(Stored data)
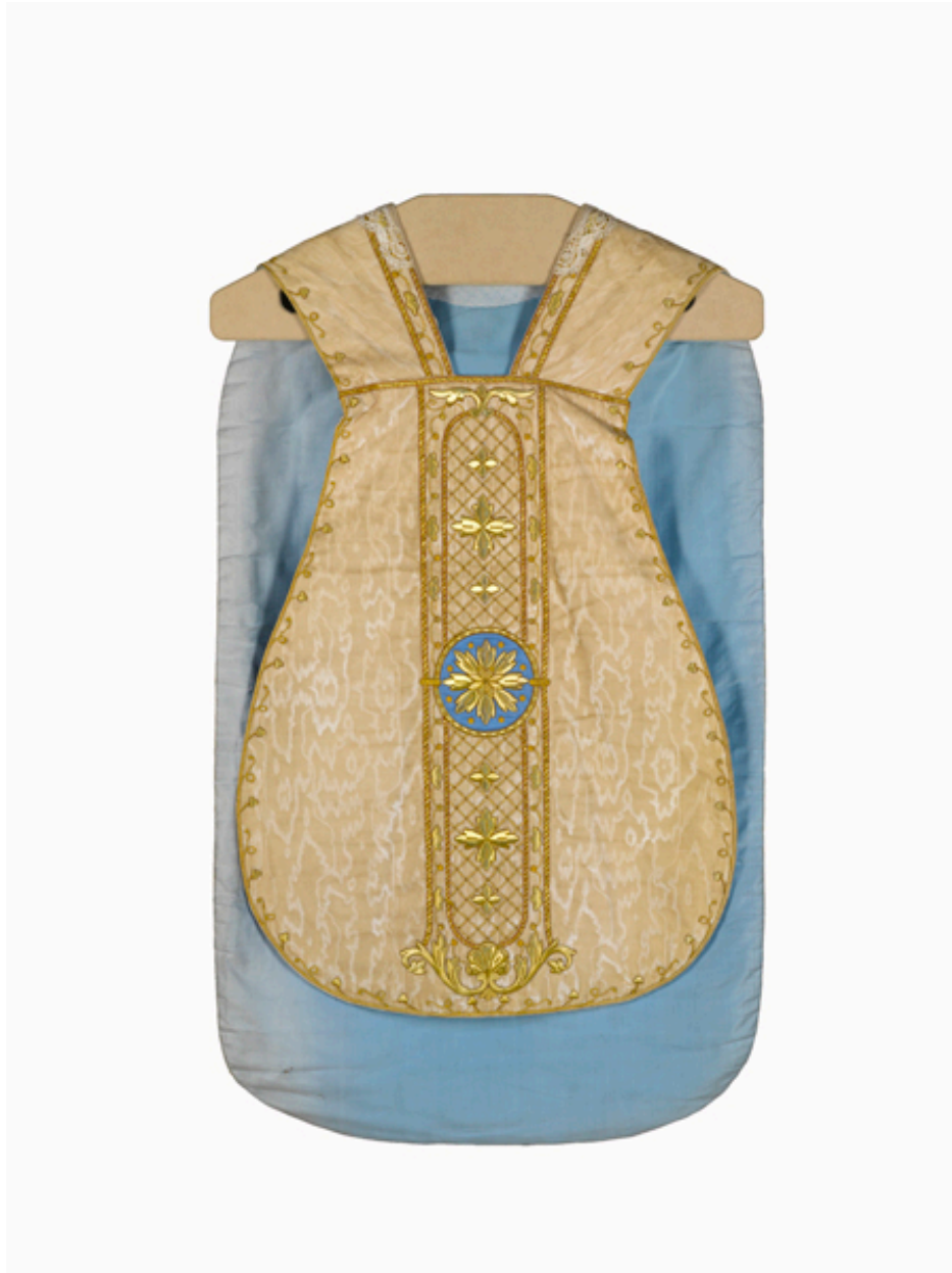
Vue générale de la chasuble : devant.
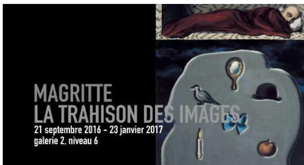
Affiche du centre Pompidou

« L'exposition Magritte. La trahison des images propose une approche à ce jour inédite de l'œuvre de l'artiste surréaliste belge René Magritte. Rassemblant les œuvres emblématiques, comme d'autres peu connues de l'artiste, provenant des plus importantes collections publiques et privées, l'exposition offre une lecture renouvelée de l'une des figures magistrales de l'art moderne. »
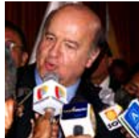
HERNANDO DE SOTO Institute for Liberty and Democracy
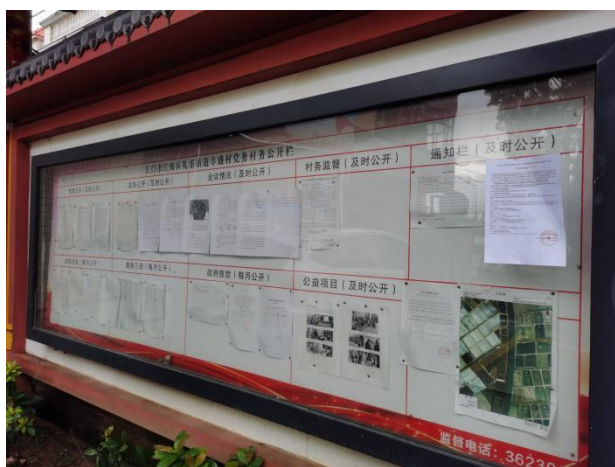
丰盛村村委会（远照）
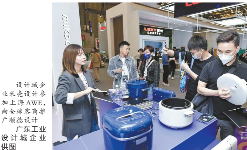
设计城企业米壳设计参加上海AWE，向全球客商推广顺德设计
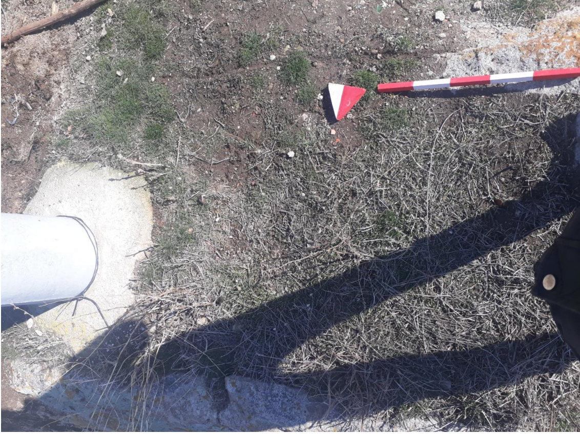
Şekil 84. Merkez nekropolisi Mezar 5

Basit khamosorion tipindeki mezar, kuzeydoğu-güneybatı yönünde uzanmaktadır. Günümüzde mezarın bir uzun kenarı ve bir kısa kenarı neredeyse tamamen tahrip olmuştur. Ayrıca mezarın içine elektrik direği oturtulmuştur.
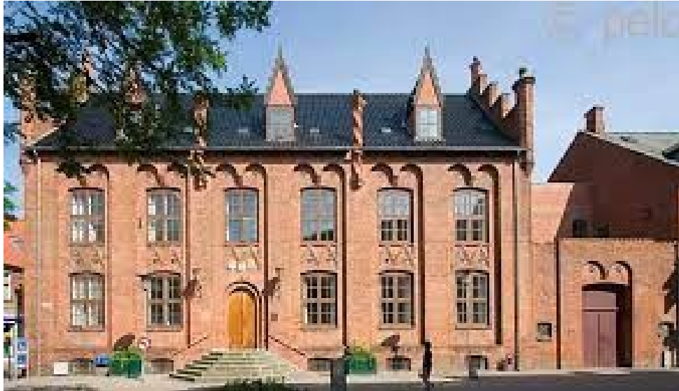
Næstved ting- og arresthus.
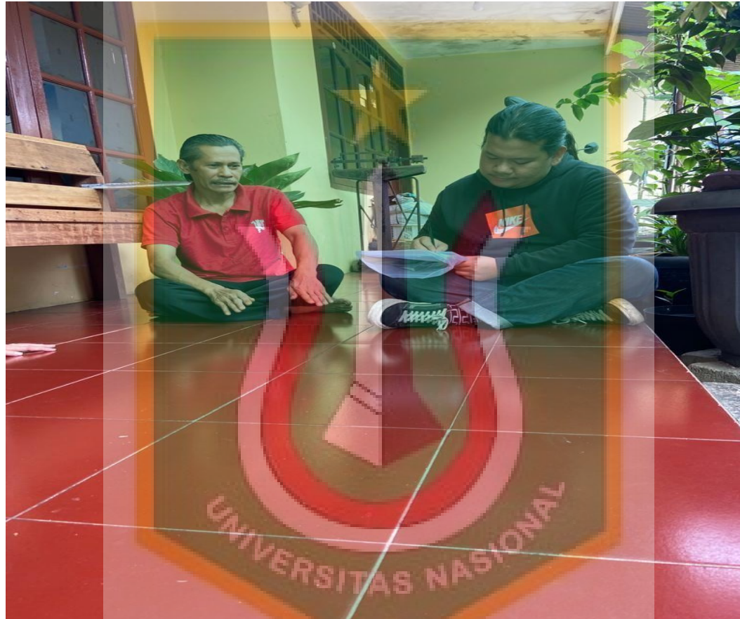
Gambar 11. Wawancara Bersama Pekerja Produksi
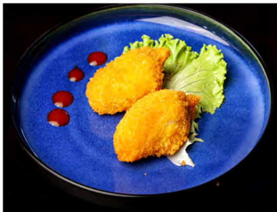
181. Chele di granchio € 6,00 polpa di granchio impanati e fritti
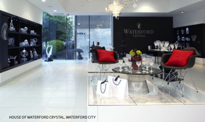
HOUSE OF WATERFORD CRYSTAL, WATERFORD CITY
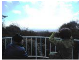
10. 展望台から、遠く大阪の都心部が見えた
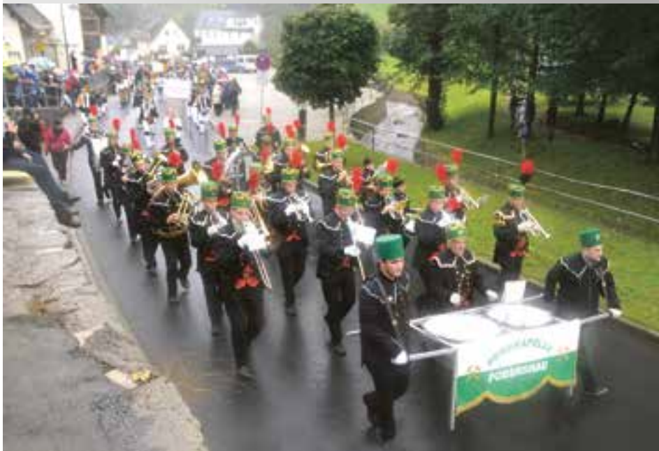
Große Bergparade am 14. September 2014 in Pobershau

Freuen Sie sich auf den Rückblick zur Festwoche in der nächsten Ausgabe am 9. Oktober 2014!
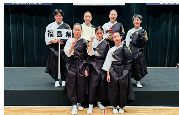
会津田島太鼓ジュニアの皆さん
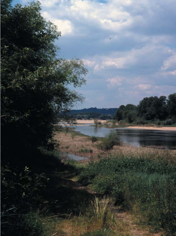
Conservatoire régional des rives de la Loire et de ses affluents, juin 1995
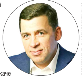
ДЕПАРТАМЕНТ ИНФОРМАЦИОННОГО ПОЛИТИКИ

Уважаемые жители Свердловской области! Сегодня свой профессиональный праздник отмечает дипломатическая служба России.
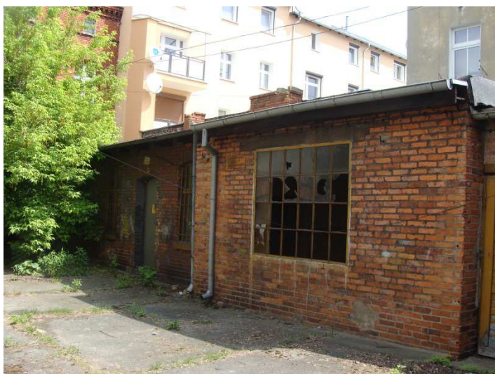
Zabudowania parterowe, część północna.
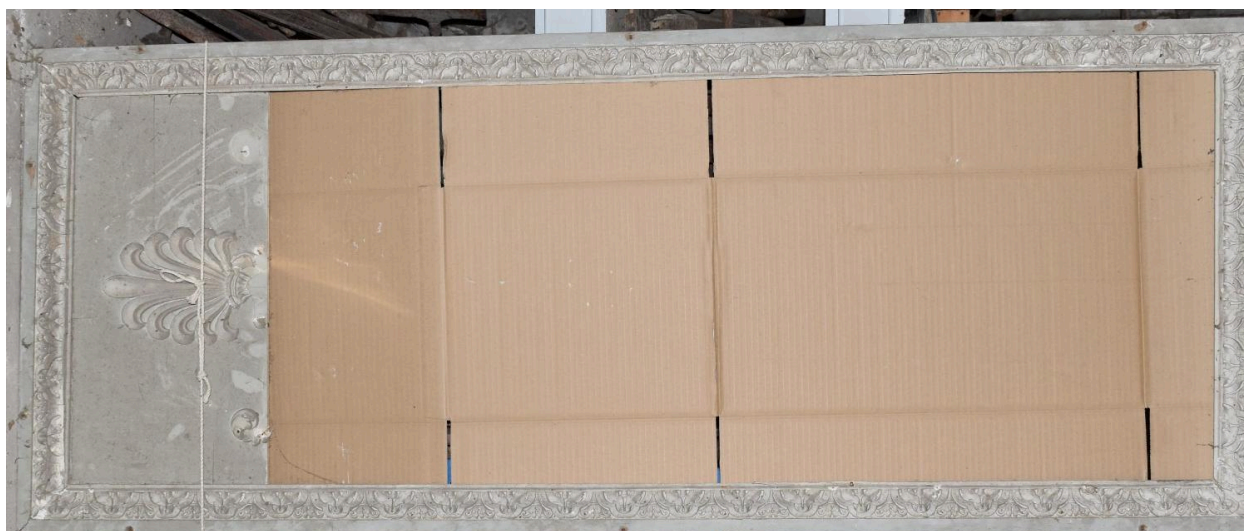
Vue générale - panneau 4
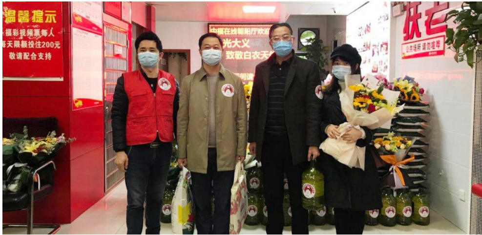
▲省福彩中心主任参加“微光大义·致敬白衣天使”志愿活动
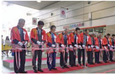
開会セレモニーの様子
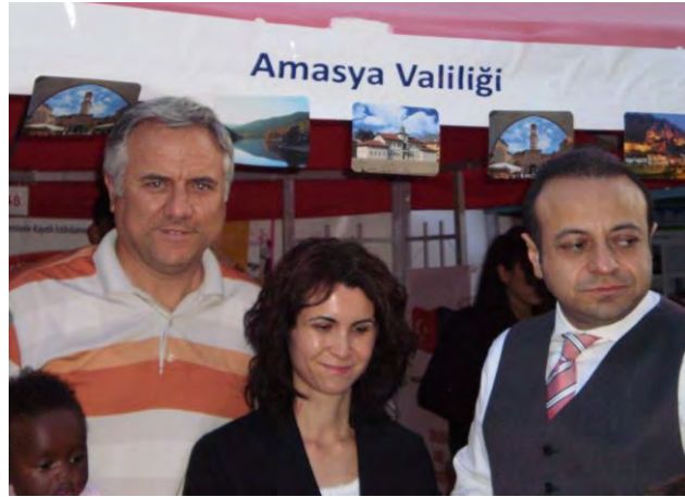
9 Mayıs Avrupa Günü Etkinlikleri Amasya Valiliği Standı

AB Bakanlığı ile Ankara Büyükşehir Belediyesi'nin himayelerinde ve AB Türkiye Delegasyonunun da katılımı ile Ankara Gençlik Parkı'nda düzenlenen Avrupa Günü Şenliği'ne katılım sağlanmıştır.

What you need to do:
Lines above with the string "générale" need to be found and copied.

Result for this task:
Vue générale de la chasuble : devant.
Vue générale - panneau 4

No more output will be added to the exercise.